Example 3.10. (Continue to Example 2.4) $\begin{matrix} (E_{r})_{u} (P, R) = - \sum_{i = 1}^{7} p_{i} {log}_{2} \frac{1}{| [x_{i}]^{R} |} \approx 0.7166, \\ (E_{r})_{l} (P, R) = - \sum_{i = 1}^{7} p_{i} {log}_{2} \frac{1}{| [x_{i}]_{R} |} \approx 1.3561, \\ E_{r} (P, R) = \frac{1}{2} ((E_{r})_{u} (P, R) + (E_{r})_{l} (P, R)) \approx 1.0363 . \end{matrix}$

This example illustrates that (E_r) _u (P, R) notapprox (E_r) _l (P, R) . Thus, Definition 3.9 is reasonable.

Proposition 3.11. Let (U, P, R) be an FPA-space. Then $- \infty < E_{r} (P, R) \leq \sum_{i = 1}^{n} p_{i} \log_{2} n .$ If R is reflexive, then $0 \leq E_{r} (P, R) \leq \sum_{i = 1}^{n} p_{i} \log_{2} n .$ Furthermore, if R = ω, then E_r (P, R) reaches the maximum value $\sum_{i = 1}^{n} p_{i} \log_{2} n$ .

Proof. (1) By Definition 3.9, $(E_{r})_{u} (P, R) = \sum_{i = 1}^{n} p_{i} {log}_{2} \sum_{j = 1}^{n} r_{ij} .$

∀ i, j, $0 \leq r_{ij} \leq 1 .$

So $\forall i, 0 < \sum_{j = 1}^{n} r_{ij} \leq \sum_{j = 1}^{n} 1 = n .$

This means that $- \infty < {log}_{2} \sum_{j = 1}^{n} r_{ij} \leq \log_{2} n .$

Thus $- \infty < (E_{r})_{u} (P, R) \leq \sum_{i = 1}^{n} p_{i} \log_{2} n .$

Similarly, we can prove that $- \infty < (E_{r})_{l} (P, R) \leq \sum_{i = 1}^{n} p_{i} \log_{2} n .$

Hence $- \infty < E_{r} (P, R) \leq \sum_{i = 1}^{n} p_{i} \log_{2} n .$ (2) Suppose that R is reflexive. Then ∀ i, r_ii = 1.

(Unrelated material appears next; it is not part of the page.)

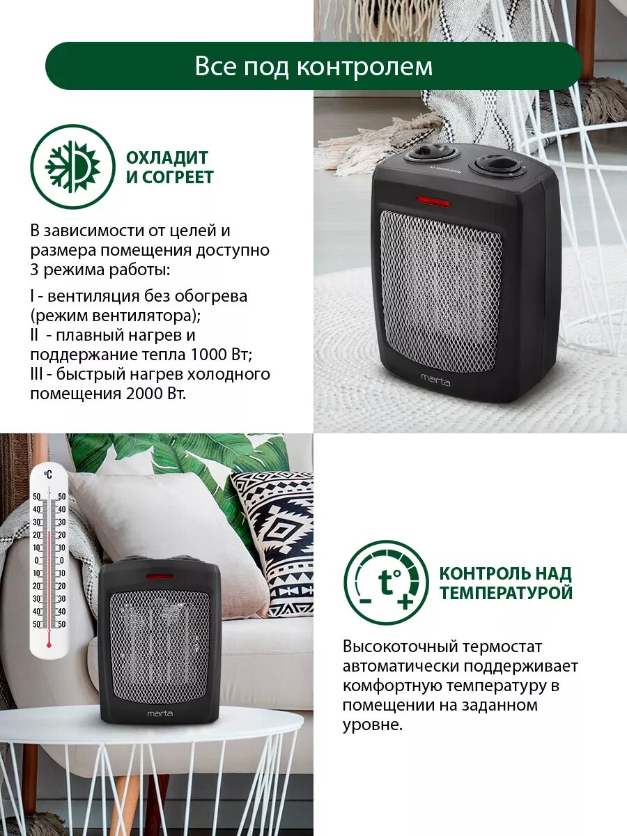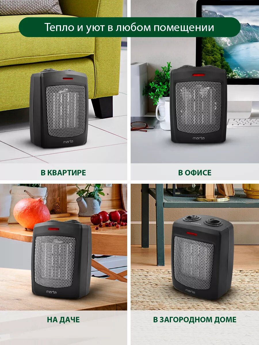 Приобретал этот тепловентилятор MARTA себе для гаража. Хороший агрегат, частенько выручал меня в холодное время года, когда вдруг что то надо отремонтировать. Конечно в лютый мороз гараж не обогреет, но значительно повысит температуру в помещении для комфортной работы. Работает хорошо, управление удобное. Защитная решетка не позволит обжечься. Использовал всю осень, зиму и весну, нареканий нет. Со своей задачей справляется.

So $\forall i, 1 \leq \sum_{j = 1}^{n} r_{ij} \leq n .$

Thus $\forall i, 0 \leq {log}_{2} (\sum_{j = 1}^{n} r_{ij}) \leq {log}_{2} n .$

This shows that $0 \leq (E_{r})_{u} (P, R) \leq \sum_{i = 1}^{n} p_{i} \log_{2} n .$

Similarly, we can prove that $0 \leq (E_{r})_{l} (P, R) \leq \sum_{i = 1}^{n} p_{i} \log_{2} n .$

Hence $0 \leq E_{r} (P, R) \leq \sum_{i = 1}^{n} p_{i} \log_{2} n .$

(3) Suppose R = ω. Then ∀ i, j, r_ij = 1. So $(E_{r})_{u} (P, R) = (E_{r})_{l} (P, R) = \sum_{i = 1}^{n} p_{i} \log_{2} n .$

Thus $E_{r} (P, R) = \sum_{i = 1}^{n} p_{i} \log_{2} n .$ □

Proposition 3.12. Let (U, P, R) be an FPA-space.

(1) If T ⊂ Q, then E_r (P, T) < E_r (P, Q).

(2) If T ⊆ Q, then E_r (P, T) ≤ E_r (P, Q).

Proof. (1) Since T ⊂ Q, we have T_P ⊂ Q_P. Then ∀ i, [x_i] ^{T
_P} ⊆ [x_i] ^{Q
_P} (x_i) and ∃ i′, [x_i′] ^{T
_P} ⊊ [x_i′] ^{Q
_P}.

Thus ∀ i, j, T_P (x_i, x_j) ≤ Q_P (x_i, x_j) and ∃ i′, j′, T_P (x_i′, x_j′) < Q_P (x_i′, x_j′) .

By Definition 3.9, $\begin{matrix} (E_{r})_{u} (P, T) = - \sum_{i = 1}^{n} p_{i} {log}_{2} \frac{1}{| [x_{i}]^{T} |} \\ = \sum_{i = 1}^{n} p_{i} {log}_{2} \sum_{j = 1}^{n} T_{P} (x_{i}, x_{j}), \\ (E_{r})_{u} (P, Q) = - \sum_{i = 1}^{n} p_{i} {log}_{2} \frac{1}{| [x_{i}]^{Q} |} \\ = \sum_{i = 1}^{n} p_{i} {log}_{2} \sum_{j = 1}^{n} Q_{P} (x_{i}, x_{j}) . \end{matrix}$

Hence $(E_{r})_{u} (P, T) < (E_{r})_{u} (P, Q) .$

Similarly, we can prove that (E_r) _l (P, T) < (E_r) _l (P, Q) .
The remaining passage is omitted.